(Source information Opens)

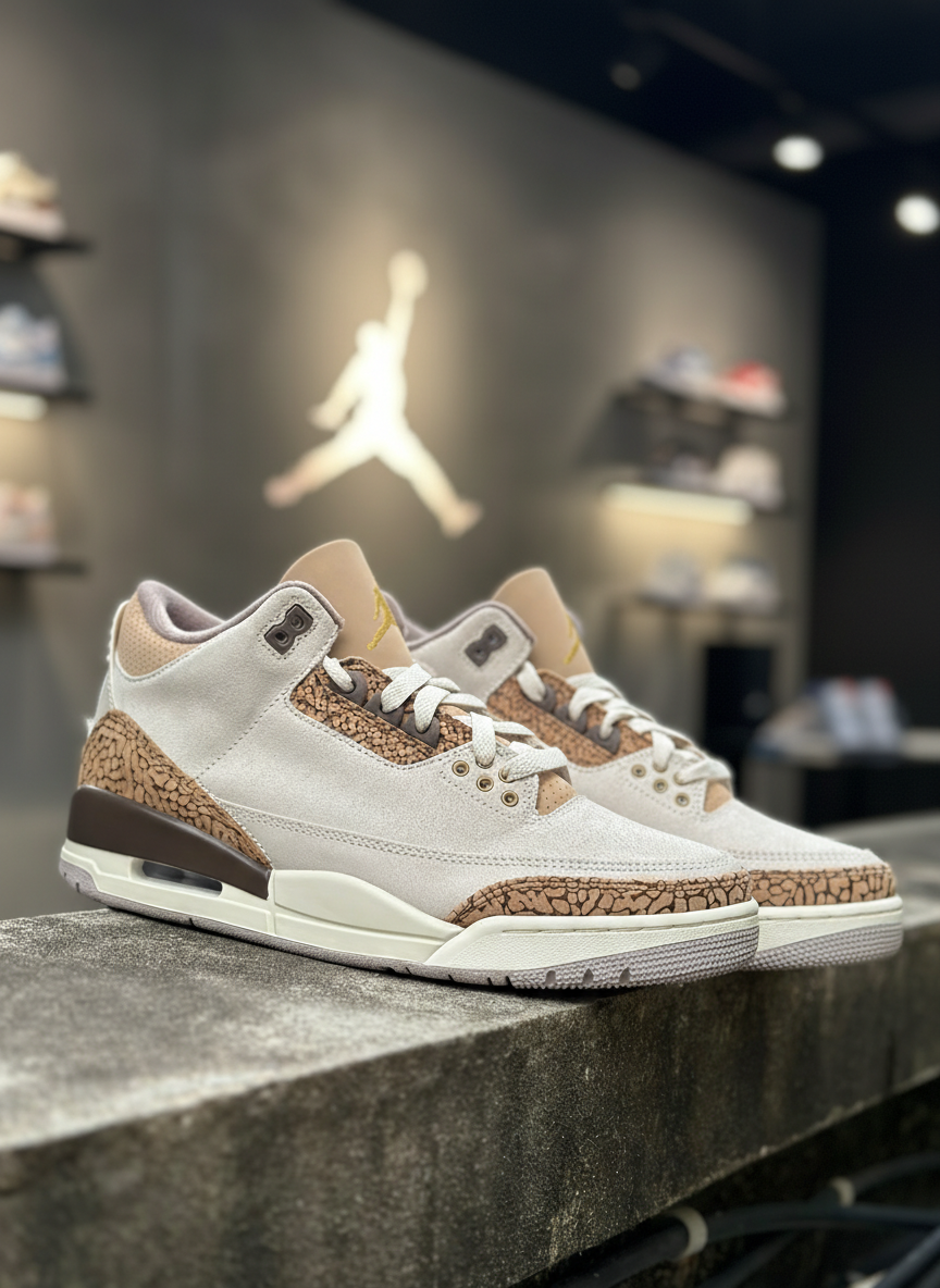 Air Jordan Retro 3 sneakers in beige with brown elephant print, premium suede upper, cushioned sole, and iconic style for basketball and streetwear fashion.
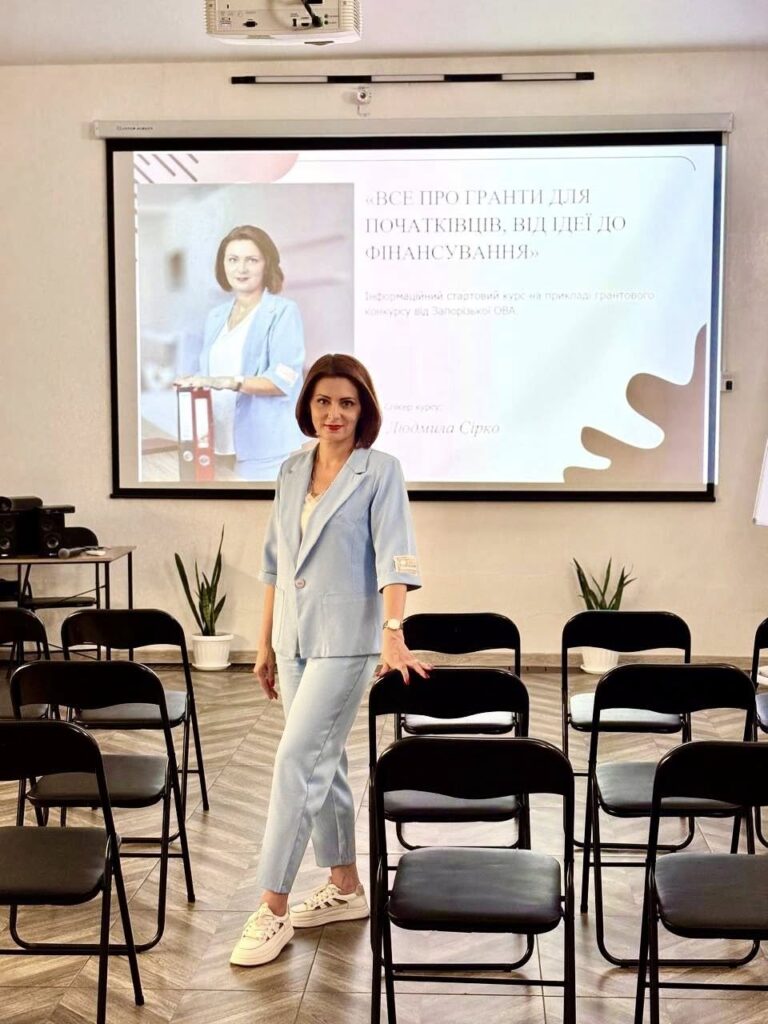 Как эффективно пользоваться всеми доступными финансовыми и обучающими возможностями для развития собственного дела, знает вынужденная переселенка из Энергодара Людмила Сирко – основательница нескольких открытых с нуля после релокации в Запорожье бизнесов. В 2023 году вместе с мужем Владимиром с помощью нескольких грантовых проектов создала в центре города заведение общепита «Столовая украинского вкуса». В 2024 году Людмила снова привлекла грантовое финансирование и начала еще один бизнес-проект – детское пространство «Лазурная радуга». Получив хороший опыт, уже в роли экспертки Людмила Сирко также консультирует по вопросам привлечения грантов для запуска бизнеса и проводит семинары, на которых делится практическим опытом реализации собственных грантовых проектов.
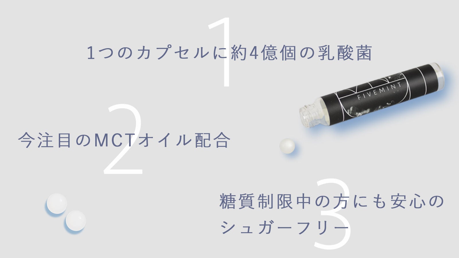 従来の水なしで噛んで使用する口臭ケア製品は、あくまでも息のニオイを緩和するための一時的なものでしたが、「FIVE MINT」は乳酸菌KT-11の配合により、口腔内環境を整えて根本に働きかける「オーラルケア」のためのブレスコスメです。継続的な使用で一時的な口臭の緩和だけでなく、お口の中を良い状態に保ちます。
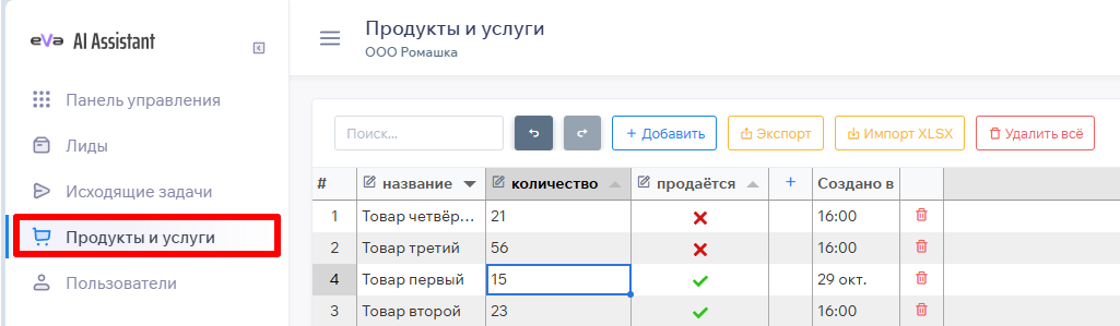 В разделе "Продукты и услуги" вы можете добавлять и редактировать список ваших продуктов и услуг. На основе этого списка искусственный интеллект сможет давать клиентам ответы на вопросы по вашему ассортименту.
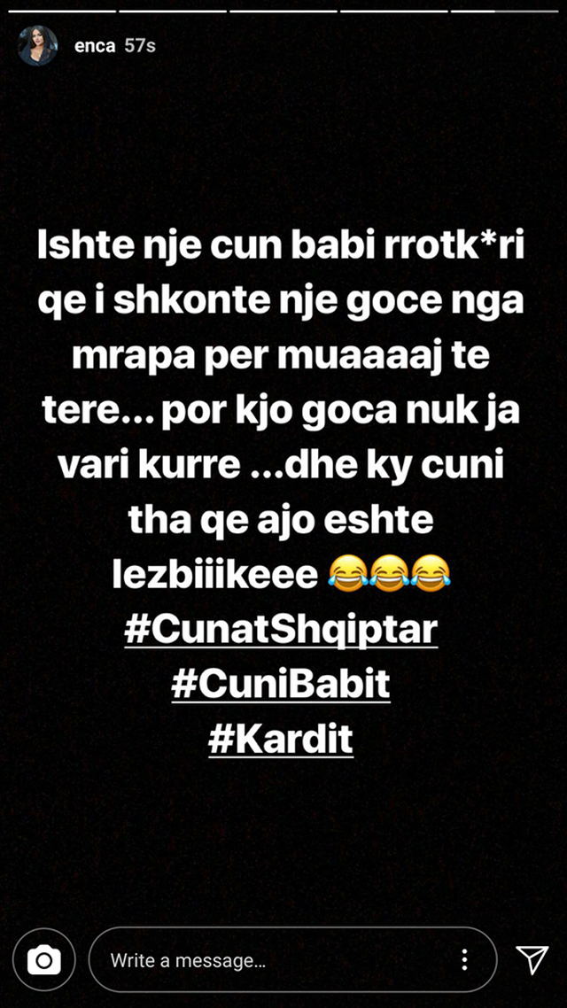 Dikush e paska mërzitur keq fare Encën ditën e sotme, sa e ka detyruar të bëjë një story dhe madje t’i vërë një epitet.

(Source information Closes)

### Exercise description
From the material above, copy everything exactly but the pictures.

### Written solution
 Air Jordan Retro 3 sneakers in beige with brown elephant print, premium suede upper, cushioned sole, and iconic style for basketball and streetwear fashion.
 Как эффективно пользоваться всеми доступными финансовыми и обучающими возможностями для развития собственного дела, знает вынужденная переселенка из Энергодара Людмила Сирко – основательница нескольких открытых с нуля после релокации в Запорожье бизнесов. В 2023 году вместе с мужем Владимиром с помощью нескольких грантовых проектов создала в центре города заведение общепита «Столовая украинского вкуса». В 2024 году Людмила снова привлекла грантовое финансирование и начала еще один бизнес-проект – детское пространство «Лазурная радуга». Получив хороший опыт, уже в роли экспертки Людмила Сирко также консультирует по вопросам привлечения грантов для запуска бизнеса и проводит семинары, на которых делится практическим опытом реализации собственных грантовых проектов.
 従来の水なしで噛んで使用する口臭ケア製品は、あくまでも息のニオイを緩和するための一時的なものでしたが、「FIVE MINT」は乳酸菌KT-11の配合により、口腔内環境を整えて根本に働きかける「オーラルケア」のためのブレスコスメです。継続的な使用で一時的な口臭の緩和だけでなく、お口の中を良い状態に保ちます。
 В разделе "Продукты и услуги" вы можете добавлять и редактировать список ваших продуктов и услуг. На основе этого списка искусственный интеллект сможет давать клиентам ответы на вопросы по вашему ассортименту.
 Dikush e paska mërzitur keq fare Encën ditën e sotme, sa e ka detyruar të bëjë një story dhe madje t’i vërë një epitet.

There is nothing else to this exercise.